Trouvé dans la rue, une épaisse couche de crasse recouvrant sa peinture au four gris métallisé, il avait une jolie gueule d'appareil de laboratoire.

Love at first sight.

Il s'agit d'un ampli sono ou hi-fi mono datant du milieu des années 50 à vue de nez, avant l'apparition des EL84. Il contient un push-pull de 2 EL41 en polarisation auto, 2 ECC40, 1 EF86 et 1 EZ40A en redresseuse. L'intérieur est assez propre, tous les composants étant montés en l'air sur des barrettes. La plaque arrière indique « Film & Radio », modèle FR107, Paris 15e. Cette marque était celle d'un gros distributeur de matériel audio-visuel disparu dans les années 70, qui faisait également construire des amplis et des baffles.

FR107

FR107 innards

Hop, c'est parti pour une rénovation (et non une restauration, le but étant de s'en servir). Opérations de base :

  • Pose d'un câble secteur avec mise à la terre ;
  • Changement de tous les condensateurs électrolytiques, et aussi de ceux qui n'inspirent pas confiance ;
  • Remplacement des borniers d'entrée et des jacks bizarres de sortie, car les jacks téléphone 6.35 américains n'étaient pas encore standard en Europe à cette époque.

Après avoir tracé le circuit de sortie et en imaginant que les inscriptions .3 et .15 représentaient des valeurs en Ω, ça marche ! La bête revit à travers un HP Marshall de récup recollé au vernis à ongles. Et le voisin vient voir ce qui se passe. Mais ça buzze, ça craque et le son manque terriblement d'aigus.

À partir de ce moment, il faut faire très attention à décharger les condensateurs d'alimentation avec une résistance si on tient à la vie, et à travailler avec une main dans le dos quand le courant est branché. Un des condensateurs dont l'original avait l'air plus récent que les autres, et placé à un endroit suspect, est « relocalisé » et deux potards vraiment trop vieux partent à la poubelle. Toutes les lampes sont remplacées, ainsi que les résistances de cathode.

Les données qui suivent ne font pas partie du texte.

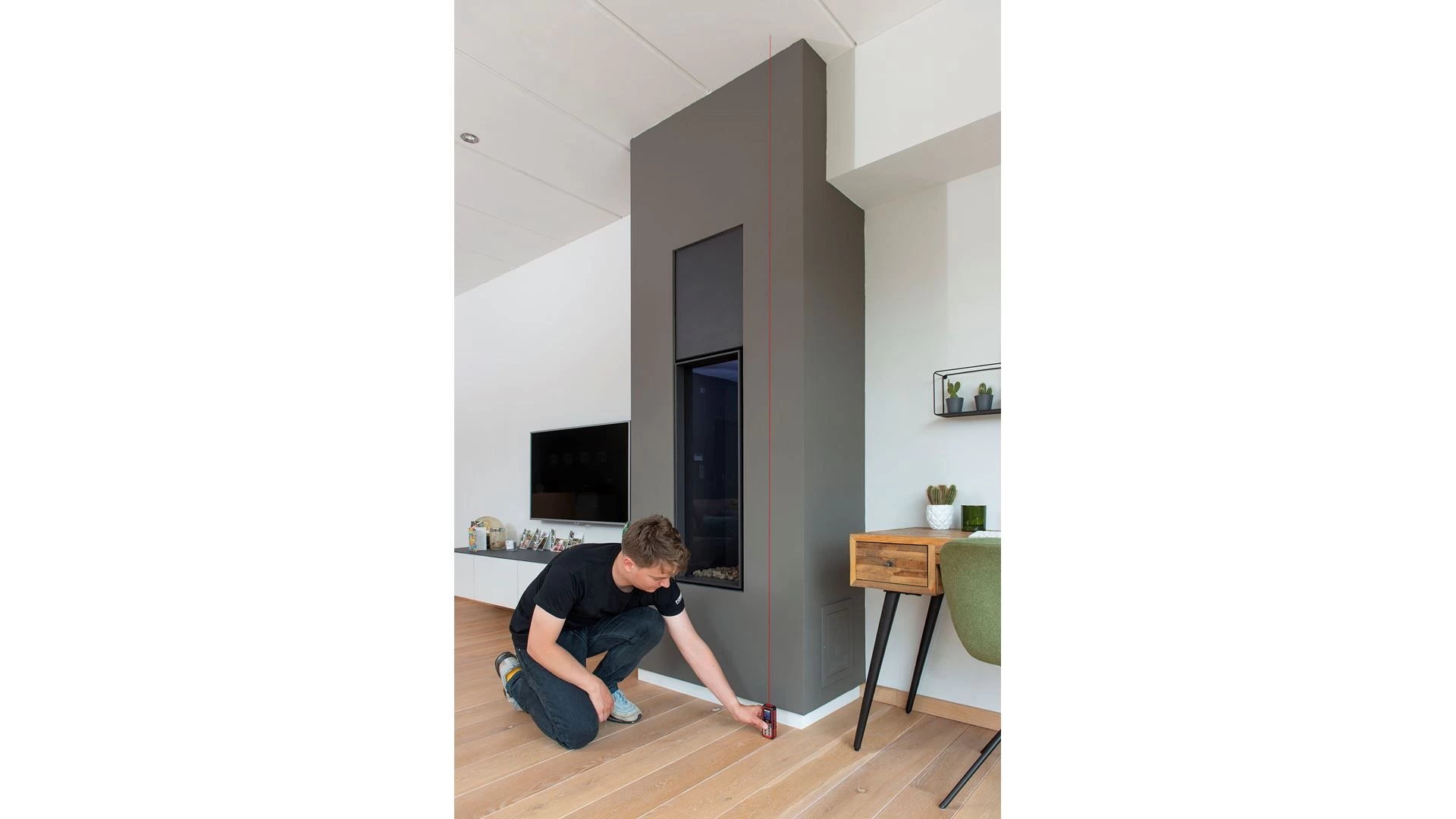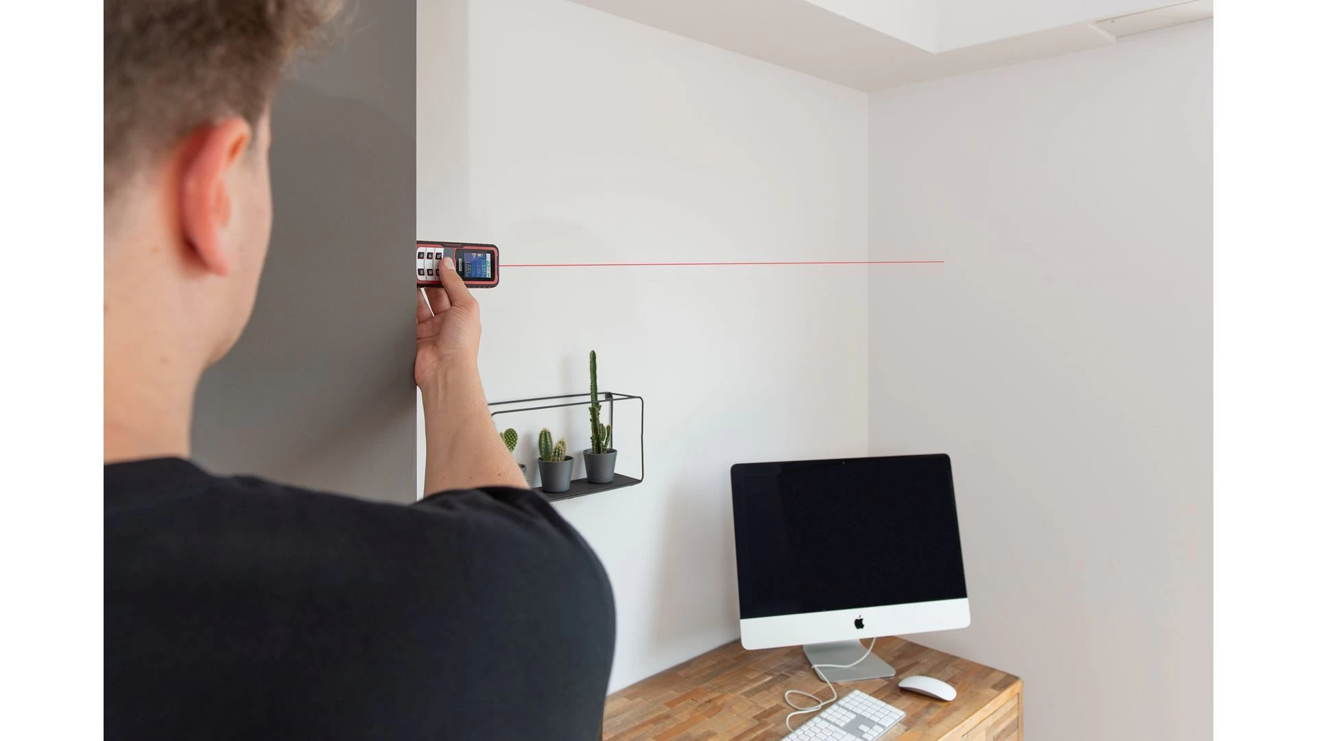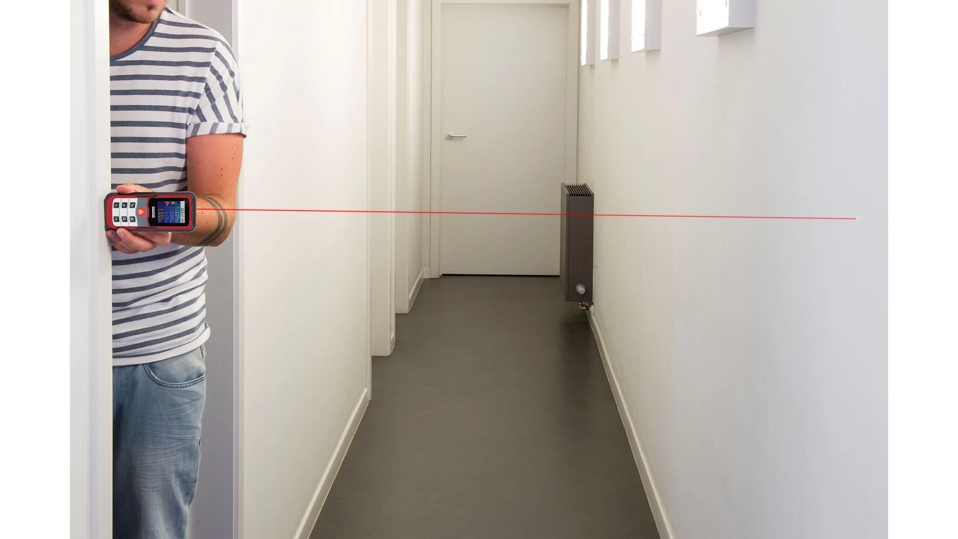 Meet grote afstanden en ruimtes niet langer onnauwkeurig met rol- of vouwmeters. Deze laserafstandsmeter van Kreator legt met zijn laserstraal afstanden vast tot wel 60 meter ver en dat tot op 2mm nauwkeurig. Hij geeft bovendien de hoek weer waarin je werkt, zodat jij altijd waterpas meet. Dat is handig om complexere hoekberekeningen uit te voeren. Het stof- en spatwaterbestendige toestel beschikt over een oppervlakte-, volume- en Pythagoras-functie en kan daarnaast probleemloos optellen en aftrekken. Je berekent zo vlot hoeveel verf je nodig hebt om een kamer te schilderen of hoeveel ruimte je hebt om je meubels te plaatsen. Ook verschillende vormen zijn meetbaar: zo ken je met de rechthoekfunctie bv. meteen de afmetingen voor je rolgordijn. Je monteert de laser op een statief, zoals de KRT706900, zodat hij nog stabieler staat. Inclusief 2 AAA-batterijen.

Les craquements sont traqués avec un oscilloscope, un vieux Hameg trouvé sur eBay pour 40 euros ; ils provenaient d'une résistance. Finalement le rapport d'impédance du transfo de sortie est vérifié en injectant un signal sur le secondaire et en mesurant le primaire à l'oscillo (le rapport des impédances est égal au carré du rapport de tensions).

On branche une Rick à single coils sur l'entrée Ligne... Wham, bam, thank you mam, 9 watts de bonheur crunchesque attaquent sauvagement un Jensen P12Q hébergé dans un open back de 50x50x33 en MDF construit entre-temps. Le son reste un petit peu sombre mais rien de rédhibitoire, et il vaut mieux éviter les humbuckers à la TV Jones P'Tron pour ne pas s'embourber. Sur l'entrée Phono, le gain devient massif et la distortion harmonique aussi. Rugissements d'aise.

Il ne reste plus qu'à terminer la finition du caisson dans un tolex crème, corriger la bande passante dans le préampli et peut-être changer le potard de volume, pas assez progressif - ou baisser le gain en entrée.